The Wave is a 2019 American film science fiction thriller film directed by Gille Klabin distributed by Epic Pictures.

Plot
Frank, an insurance lawyer, finds disqualifying information in the $4M insurance policy of a fireman who died from a heart attack. His co-worker Jeff invites him to celebrate the night before his presentation to the company board, which he eventually accepts after a tense evening with his wife.

The two men visit club El Madrid where Frank briefly meets a homeless man bathing in the bathroom sink. Frank and Jeff share drinks with two women, Natalie and Theresa, and the four of them go to a house party where Frank and Theresa are offered a hallucinogen by a man named Aeolus.
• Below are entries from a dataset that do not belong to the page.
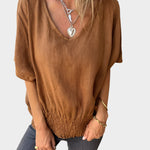 Удобни летни тениски – Стилни и изключително удобни за ежедневието в естествено кафяв цвят. Свободният силует и V-образното деколте подчертават линията на деколтето без прекалено акцентиране, подходящи за ежедневни или вечерни поводи. Текстурата е мека и комфортна за целия ден, а еластичната лента в талията създава елегантен силует без ограничения.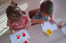 В старшей группе прошла тематическая неделя "Золотая осень". Дети рисовали нетрадиционным методом "печать листочками". Через средства изобразительной деятельности ребята учились видеть красоту природы.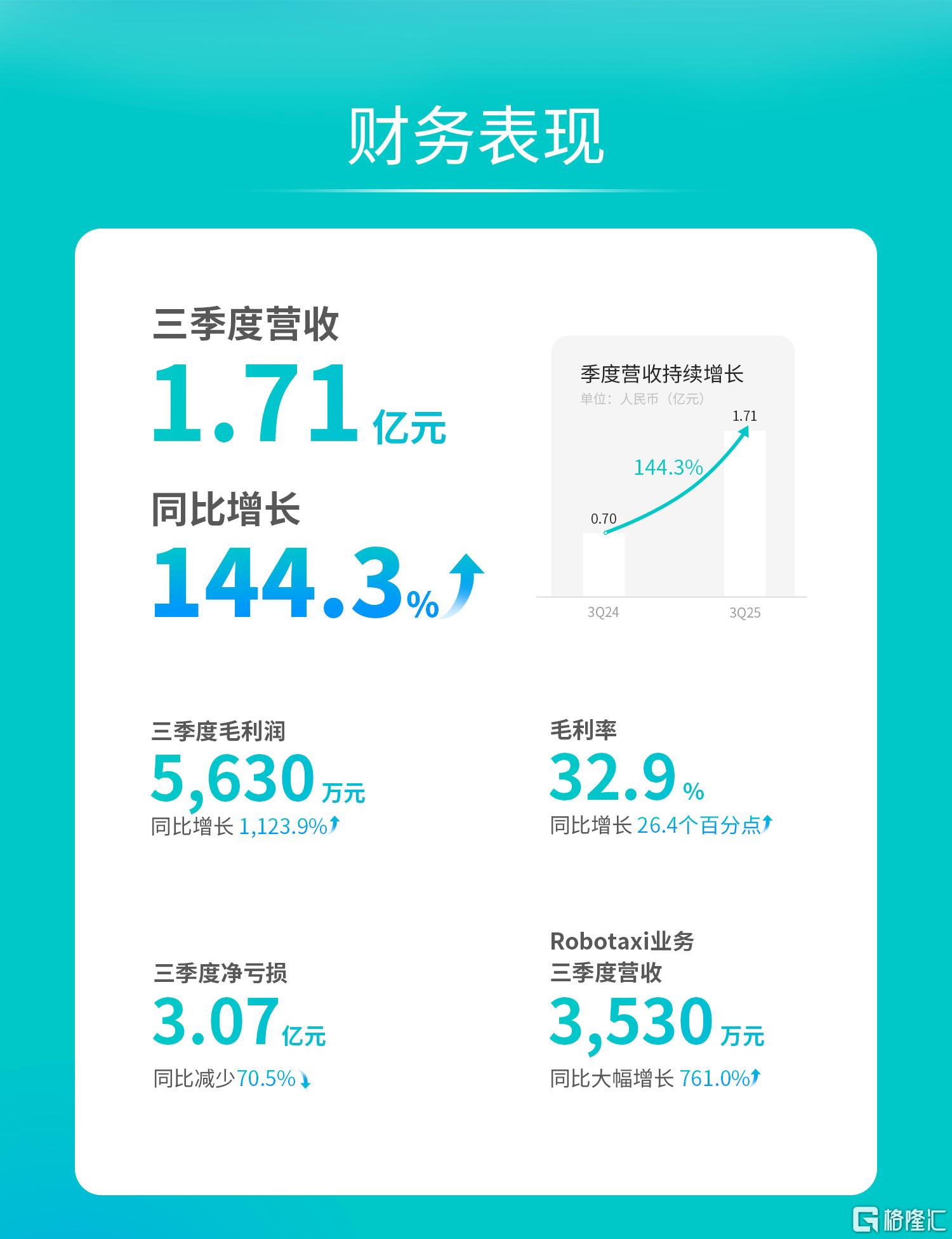 三季度,公司营收1.71亿元,同比增长144.3%,是公司成立以来涨幅最大的季度之一;Robotaxi业务营收3,530万元,同比增长761.0%,延续强劲增长势头;毛利润5,630万元,同比增长1,123.9%;毛利率32.9%,同比增长26.4个百分点,持续领跑行业;净亏损3.07亿元,同比减少70.5%。经调整后亏损(Non-IFRS net loss)2.76亿元。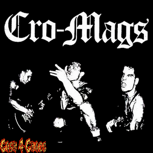 Cro Mags with white ink on black unfinished canvas back patch 10" x 11"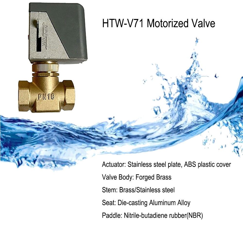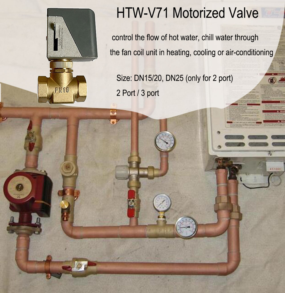 HTW-V71 Series Motorized Valves are used to control the flow of hot water, chill water through the fan coil unit in heating, cooling or air-conditioning applications, so as to control room temperature indirectly. When thermostat sends the controlling signal to the motorized valve, the valve is opened with water flowing, and when the signal disappears, the valve, with the help of its own spring, returns back to its original place to close the valve so as to stop the water flow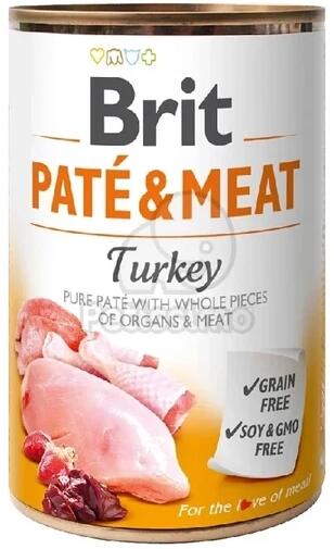 Teljes értékű nedves állateledel felnőtt kutyák számára. 70% pulyka és csirke. Pástétommal és húsdarabokkal. Gabonamentes, szójamentes.   Összetétel:  26% pulyka, 24% csirke, 8% egész csirkemáj, 12% szív és tüdő, 28,5% húsleves, 1% ásványi anyag, 0,5% lazacolaj.   Analitikai összetevők : nyersfehérje 11,0 %, zsírtartalom 9,0 %, nyershamu 6,5 %, nedvesség 75,0 %, nyersrost 0,4 %.   Tápértékkel rendelkező adalékanyagok 1 kg-onként:   D3-vitamin (E671) 250 IU, E-vitamin (3a700) 100 mg, cink (3b606) 15 mg, vas (E1) 10 mg, mangán (E5) 3 mg, jód (3b201) 0,75 mg, réz (E4) 0,5 mg, biotin (3a880) 0,2 mg.   Adagolási útmutató:   Brit Paté & Meat ideális kiegészítő a száraz eledelhez is. Segíti a tápanyagfelvételt és folyadékbevitelt. Az egynapi adag aktivitástól és környezettől függően változó. A változatosság növelése és az étvágy fokozása céljából történő etetés esetén, ne feledje csökkenteni kutyája ajánlott napi rendszeres adagját. Szobahőmérsékleten etesse. Biztosítson kutyájának hozzáférést friss ivóvízhez. Száraz hűvös helyen tárolja. A doboz kinyitása után tartsa a hűtőszekrényben. A lejárati idő és a tétel száma: lásd a doboz alján. Etetési táblázat : Kutya mérete Small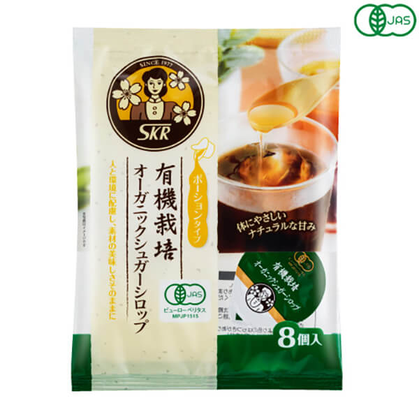 [商品説明]サクラ食品 オーガニックシュガーシロップ は、有機栽培さとうきびから作られた有機砂糖をシロップにしました。 有機JASマーク付。 素材が持つ自然な色と風味を大切にした、ナチュラルな甘味のシロップです。 使いやすい個包装のポーション入りです。 ☆コーヒー、紅茶などの飲み物の甘味付けに。 ☆ヨーグルトや各種デザートやお料理などにもお使いいただけます。 ※サトウキビの繊維が集まり浮遊・沈殿する事がありますが品質には問題ございません。 ※砂糖の収穫により色のばらつきがありますが品質には問題ございません。 ※開封時に中身が飛び散ることがありますので、フタはゆっくりと開けてください。 <サクラ食品> 創業1977年。始まりはコーヒーシュガーの製造でした。 時代の変化とともにポーションタイプのガムシロップや希釈飲料、介護食ゼリーの製造など多岐に渡って生産しております。 それでもまだ私たちは、満足していません。 「より多くのお客様に"おいしい"をお届けしたい。」 その想いを胸に抱き、常に新しい商品づくりに挑戦しています。 ■商品名:サクラ食品 オーガニックシュガーシロップ 甘味料 シロップ オーガニック 有機栽培 さとうきび 有機砂糖 甘味 個包装 ■内容量:120g ■原材料名:有機砂糖(ブラジル製造) ■栄養成分表示:1個(15g)あたり エネルギー:36kcal たんぱく質:0g 脂質:0g 炭水化物:9.1g 食塩相当量:0g ■メーカー或いは販売者:サクラ食品 ■賞味期限:開封前:1年 ■保存方法:直射日光を避け、常温で保存してください。 ■区分:食品 有機JAS ■製造国:ブラジル【免責事項】 ※記載の賞味期限は製造日からの日数です。実際の期日についてはお問い合わせください。 ※自社サイトと在庫を共有しているためタイミングによっては欠品、お取り寄せ、キャンセルとなる場合がございます。 ※商品リニューアル等により、パッケージや商品内容がお届け商品と一部異なる場合がございます。 ※メール便はポスト投函です。代引きはご利用できません。厚み制限(3cm以下)があるため簡易包装となります。 外装ダメージについては免責とさせていただきます。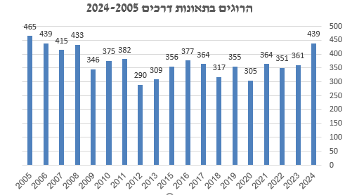 439 בני אדם נהרגו בתאונות דרכים בשנת 2024 כך עולה מנתוני הלמ"ס. מהנתונים עולה כי בהשוואה לשנת 2023 מדובר בעליה חדה של 22% כאשר 361 בני אדם נהרגו בתאונות דרכים בשנת 2023.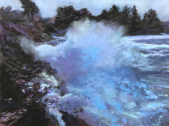 Description: In Crescent City Nocturne, I was drawn to the restless energy of the sea meeting the rocky shore. The soft pastel medium helps me capture the luminous spray and shifting blues of the water against the deepening shadows at dusk. The scene is both turbulent and serene, reflecting the mysterious beauty of the ocean as night falls.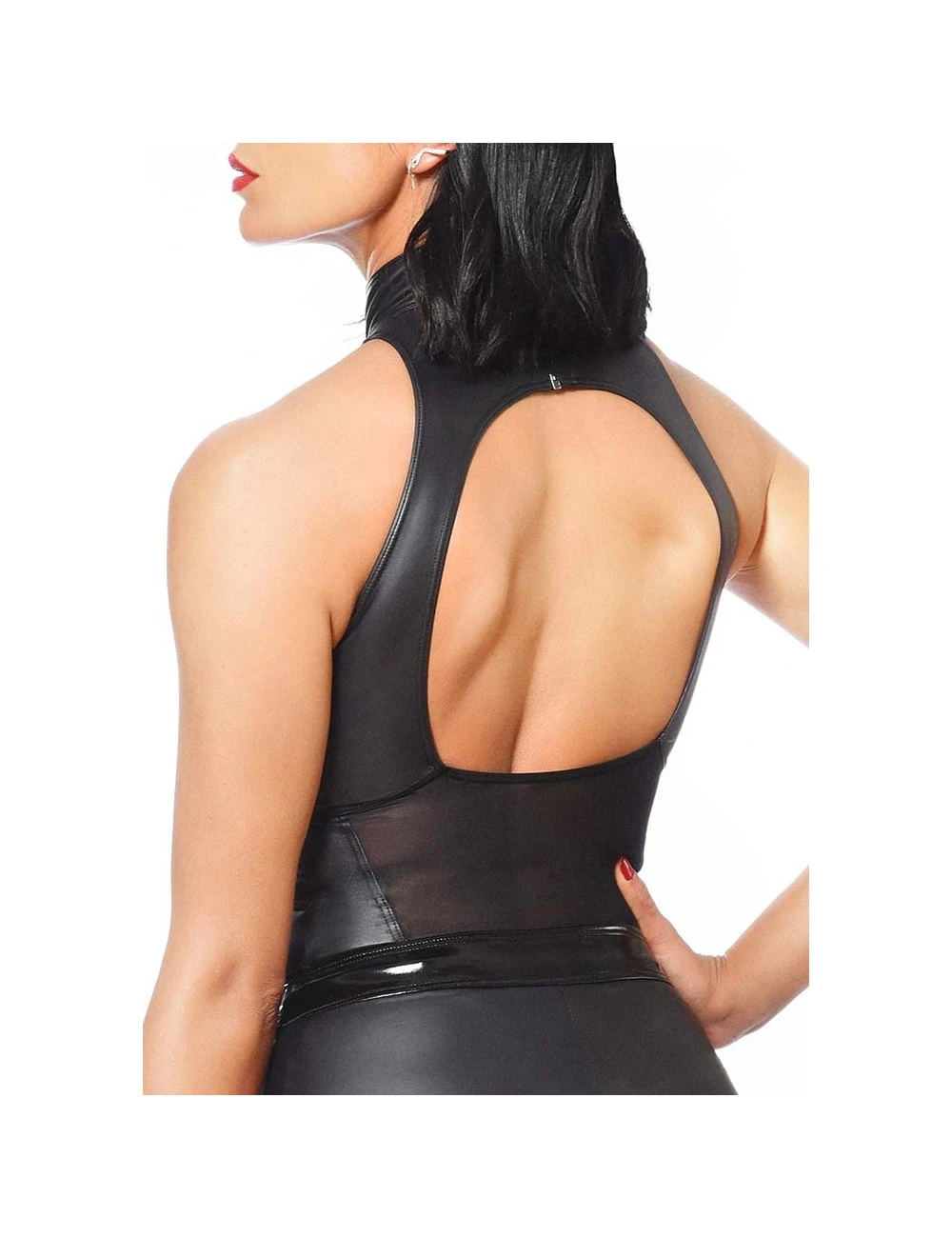 Top wetlook pour mettre votre poitrine en valeur avec ses découpes et son décolleté.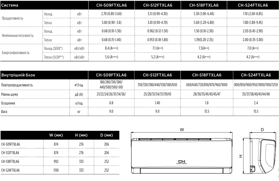 Cooper&Hunter CH-S24FTXLA6 Arctic Plus — это инверторный тепловой насос бытового назначения премиум-класса, рассчитанный на помещения площадью до 70 м². Устройство стабильно работает на обогрев в диапазоне внешних температур от -25 до +30°C, а в режиме охлаждения — от -15 до +50°C.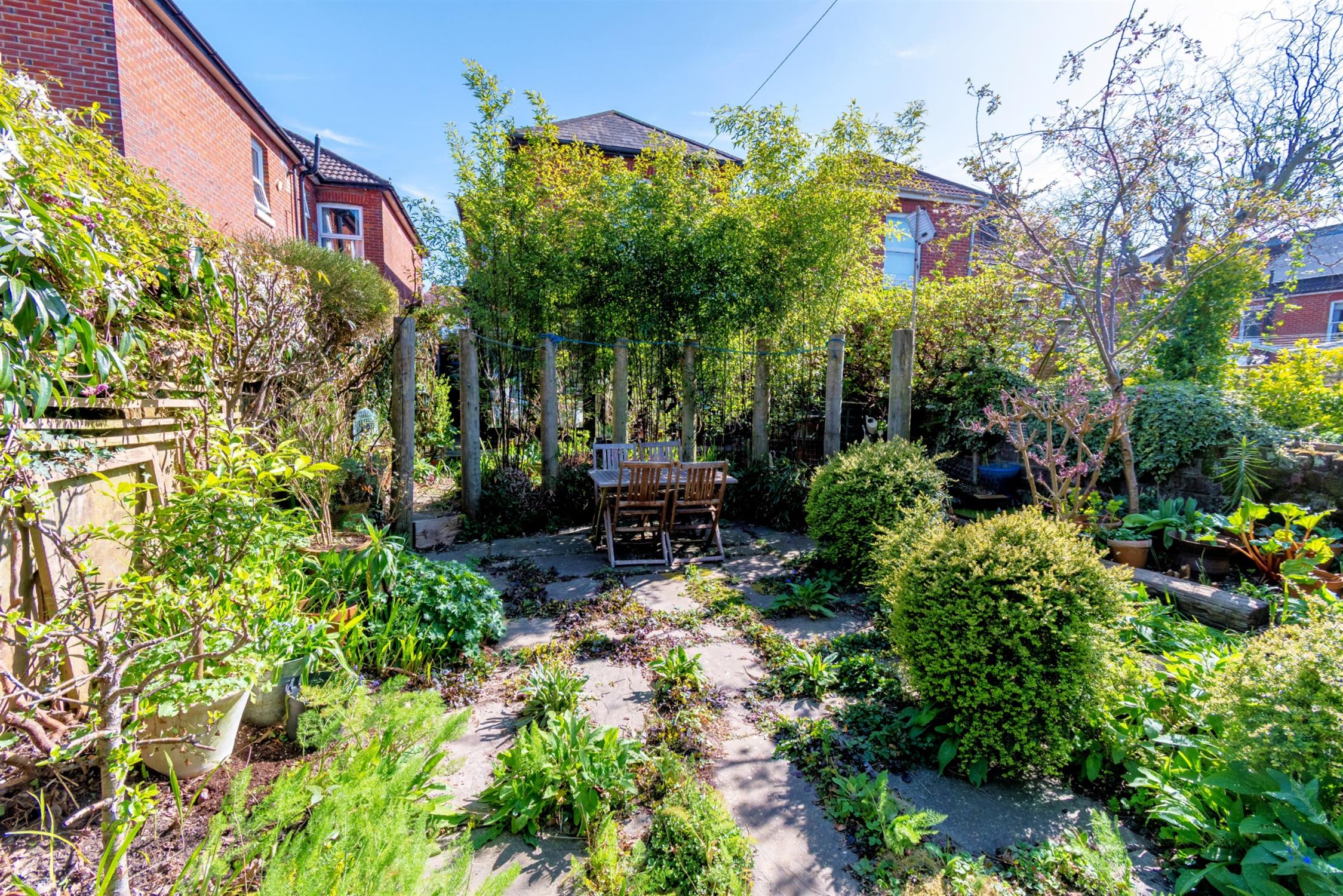 The rear garden is fully enclosed with a covered workshop area along the side of the property with a Belfast sink, space and plumbing for washing machine and access to the rear garden. The garden is principally paved with decked seating areas and is well stocked with a wide variety of mature plants, shrubs and trees. Ornamental pond. Sleeper retained beds. Double glazed summer house.

Theresa administers the drug to Frank with a kiss, causing him to instantly black out and wake up alone the next morning. As Frank attempts to make sense of his situation and find his wallet, a family enters the house and calls the police on him, as he runs out the back door. Frank makes it back to his house without any money by convincing a passing cab driver to take him home for a much larger fare. At home, he argues with his wife Cheryl about the smell of perfume on his shirt as he hastily dresses for work.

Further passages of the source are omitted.